Mine scrolls slowly when the image is _near_ the top but as soon as I reach the top/overlap the filter bar it speeds up dramatically.



> Ideally, I'd like to  drag/drop the photo from elsewhere, say, my Desktop, to the correct place in a collection and have Lr open an import dialog for it. Lr doesn't seem to support that.
> 
> Alternatively, if there were a dialog where you could specify, Move the selected photos before/after photo number 123 in a collection, that'd solve the problem. Lr doesn't seem to support that either.


LR doesn't do what you want and I doubt it ever will because your requirements are so unique and specific.

Having said that LR does launch an Import dialogue when you drag a file onto it and that dialogue includes a tick box/functionality to add the image to a collection automatically during import. However you can't import just to a collection because they are virtual - there is no folder on your HD that the collection images files sit in. The files all sit in their actual folder and LR just stores a virtual pointer to say that those files are in that collection.

As for sorting, there are a number of different options that a collection view can by sorted by (selected from the toolbar) including a custom option. Unfortunately there is no way to specify the exact location of a specific image within a custom sort view other than by dragging it.

You could do a work around such as choosing _sort by file name_ and then renaming files to alphanumeric files names that result in them appearing in the right order but it would require you to know where you wanted a file to appear and what file name you needed to use to get it to appear in the right position prior to importing.


----------



## Rob M. (Oct 24, 2018)

Hi, Dan --

Re scrolling, thanks! If I'm _very_ careful about where I drag, I can scroll quickly enough, say, 10-15s to scroll up through 500 photos with medium-sized thumbnails, faster with minimal-sized ones. That's livable.

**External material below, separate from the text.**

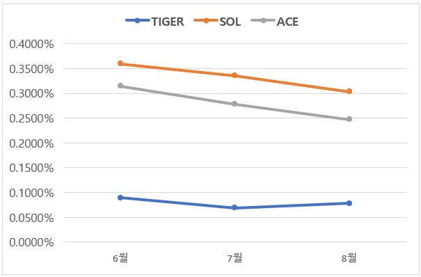 . K-SCHD 3총사인 TIGER, ACE, SOL 미국배당다우존스 중 이번달도 비용이 가장 저렴한건 TIGER 에요.
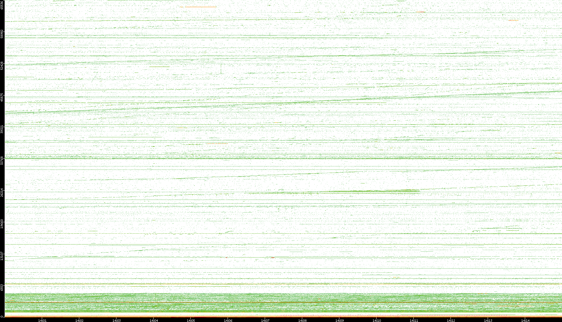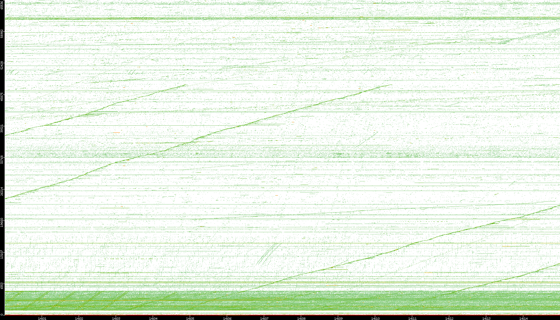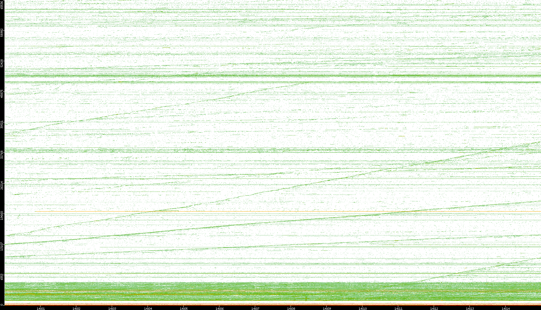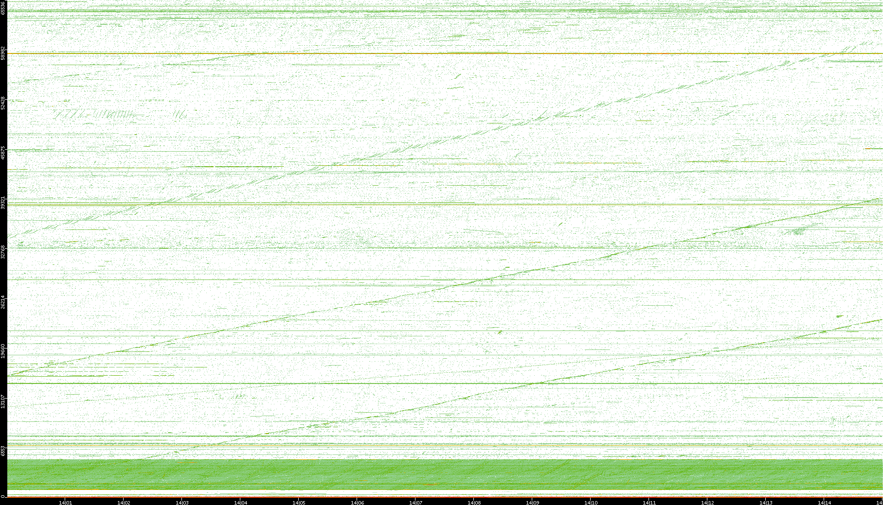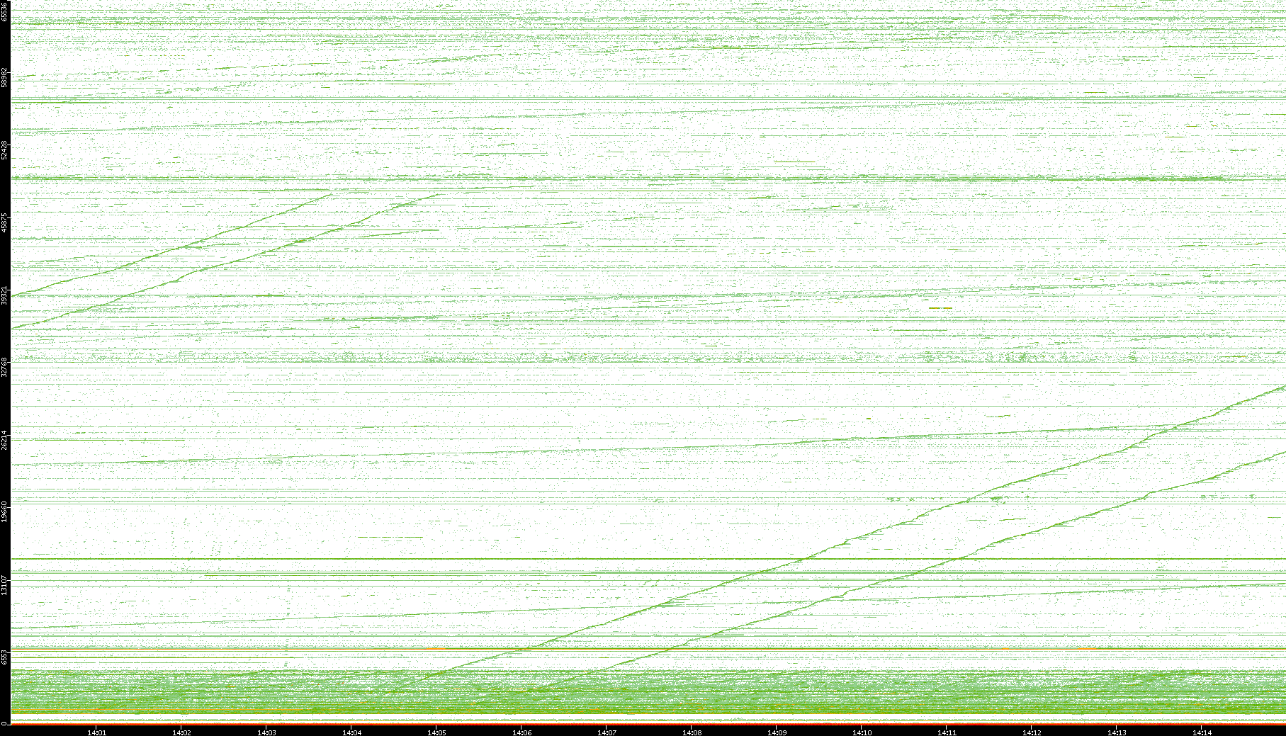 2004/02/14 Dest. IP vs. Time Dest. Port vs. Time Src. IP vs. Time Src. Port vs. Time Nb. of Packets vs. Time Throughput vs. Time Average Packet Size vs. Time Entropy of Port vs. Time

Re drag/drop, Lr already does most everything. When you drag an image over the grid view of a collection, it brings up the import dialog so that you can pick a destination on disk for it. The thing it apparently can't do is to take the hint that you'd like to add the image to the active collection and let you to pick the position (the way you normally would if when using drag/drop to sort photos within a collection). Even lowly iPhoto supports drag/drop into a chosen location in an album (its version of a collection), but admittedly it doesn't let you control where the master is stored.

BTW, my use case is that I'm making maps or other graphic images as title slides in a slideshow. That's why I miss being able to drag/drop them at selected spots in a collection.

Thanks for your help,

Rob


----------



## Kirby Krieger (Oct 24, 2018)

Hi Rob.  This seems to be one of those cases where — since Lightroom does not provide the functionality you want from it — it would benefit you to specify you exact use case so that others might offer solutions that provide the _results_ of the functionality you seek via an alternate workflow.  By what criteria are you manually sorting the Photos?  How are you using them such that having so many, sorted this way, in a single container, is beneficial?

Adding simple things to Dad's fine answer:  you can modify the UI to better suit your task:  minimize thumbnail size, hide all the panels so the Grid View is all you see, run Lightroom full-screen, and use a larger monitor.


----------



## Rob M. (Oct 24, 2018)

Hi, Kirby --

Re the use case, yes, I should have included it in my original post. I just included it in my reply to Dan's post, but your and my posts crossed in the ether, so you didn't see it.

Re your additional suggestions, minimizing thumbnails is quick and easy. I'll do that, as long as they aren't so small I can't navigate to the correct spot.

Thanks,

Rob


----------



## Kirby Krieger (Oct 24, 2018)

Rob M. said:


> my use case is that I'm making maps or other graphic images as title slides in a slideshow. That's why I miss being able to drag/drop them at selected spots in a collection.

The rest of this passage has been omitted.